Another important security role served by the secure memory controller is the conversion of memory protection when data is transmitted from peripherals such as disk to the physical memory. The conversion mechanism supports both DMA based and processor based memory operations. For DMA, the involved secure processor initializes both the related unid register, and the software vendor key register first, then starts DMA engine. The memory controller will automatically verify and convert protections from vendor's domain to the platform's domain for every chunk of data written to the memory. Similarly, when results in the memory are DMAed to the peripherals, they can be optionally converted back to the software vendor's domain. Both operations can be achieved with support of the security DMA engine without increasing workload on the secure processor.

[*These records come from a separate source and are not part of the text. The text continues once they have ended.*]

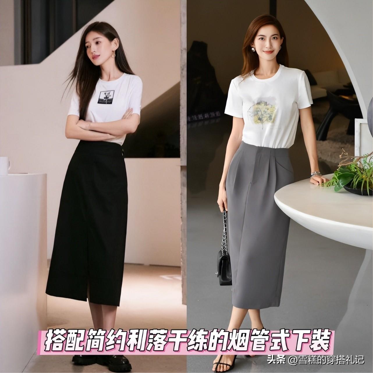 我們下半身的搭配就可以優先於選擇像煙管的長款裙裝又或者是煙管褲這一類的單品了,與簡約的白色t恤進行組合的時候整體氣質而言是非常極具利落和幹練性的,也很適合運用於職場當中的穿搭哦!
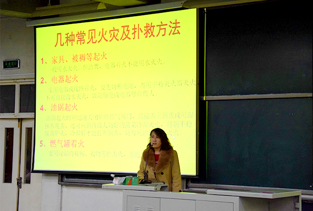 本次讲座是针对于本科生、研究生的消防安全教育。首先观看了关于消防安全的视频,视频中的一例例实际案例,一幅幅触目惊心的画面,都让人感受到了火灾的可怕与消防安全的重要。视频中还演示了报警器、灭火器的正确使用方法,让大家在遇到火情时不必惊慌,能够用所学知识将火灾损失降到最低。视频最后,还介绍了多种安全标志。
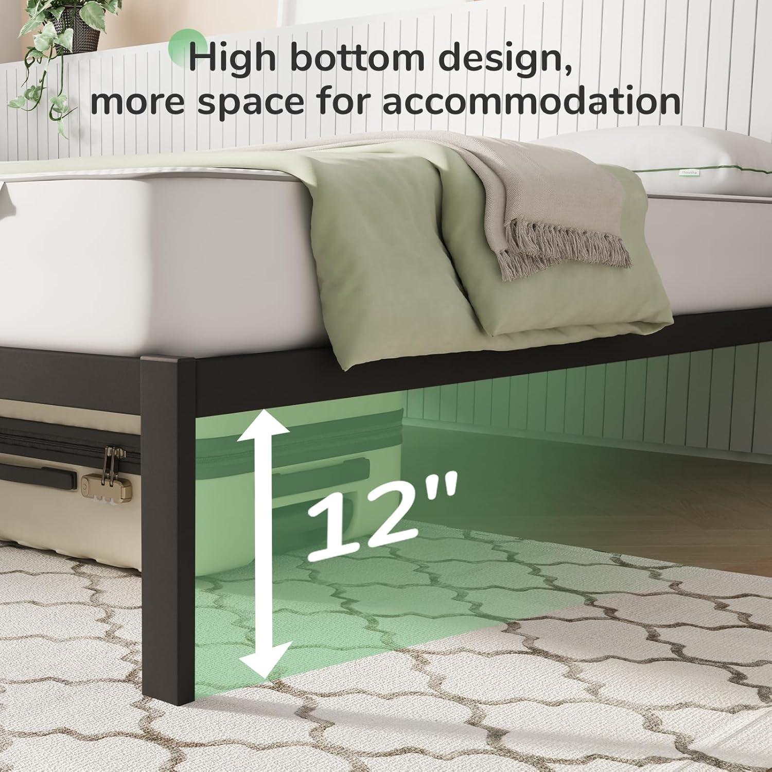 Generous Storage Space: This white platform bed frame provides 12 inches of space under the bed, giving you plenty of room to store your items and keep your bedroom organized. This elevated design makes it easy for robot vacuums to clean underneath, helping you keep the room tidy.
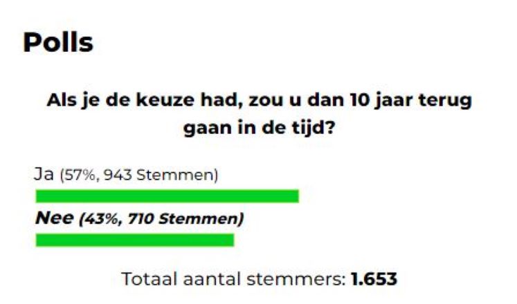 Let op: De resultaten van de peilingen op deze website zijn louter ter informatie en reflecteren de mening van de deelnemers. Ze zijn niet representatief voor de gehele bevolking en kunnen beïnvloed worden door externe factoren. Gebruik deze resultaten daarom met de nodige voorzichtigheid en neem ze niet als absolute waarheid.
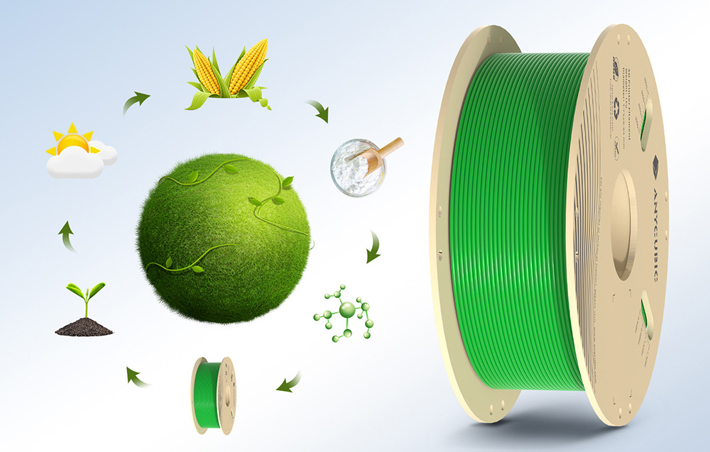 Az elsősorban kukoricakeményítőből készült Anycubic PLA-filament biológiailag lebomló és környezetbarát, ami segít csökkenteni a hulladék mennyiségét és elősegíti a fenntartható 3D nyomtatási gyakorlatokat anélkül, hogy a minőség rovására menne.
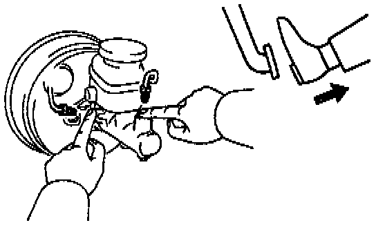 (b) Depress the Brake Pedal several times, then loosen the bleeder plug with the pedal held down.
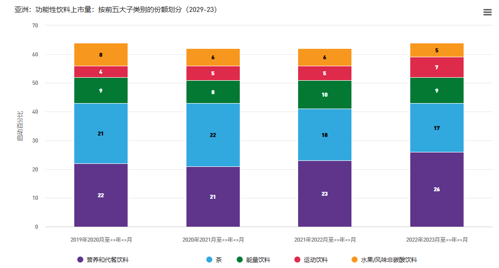 在亞洲推出的功能性飲料中,營養和代餐飲料以及運動飲料推出的份額有所增加。
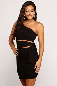 This trendy knit crop top is most def a cut above the rest! Paired with a chic curve hugging midi skirt and some strappy heels, you'll be ready for a GNO!
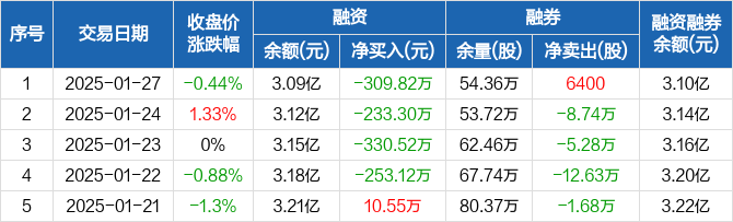 鞍钢股份:连续4日融资净偿还累计1126.77万元(01-27)

## 3.2.3 authentication speculative execution

As aforementioned, there are three alternatives of incorporating results of integrity verification into processor pipeline — AIOE, ASE, and LAE. The pros and cons of each approach are listed in Table 1. To achieve a balance between security and performance, ASE is definitely the best compromise. Detailed discussion of vulnerabilities of LAE is outside the scope of this paper.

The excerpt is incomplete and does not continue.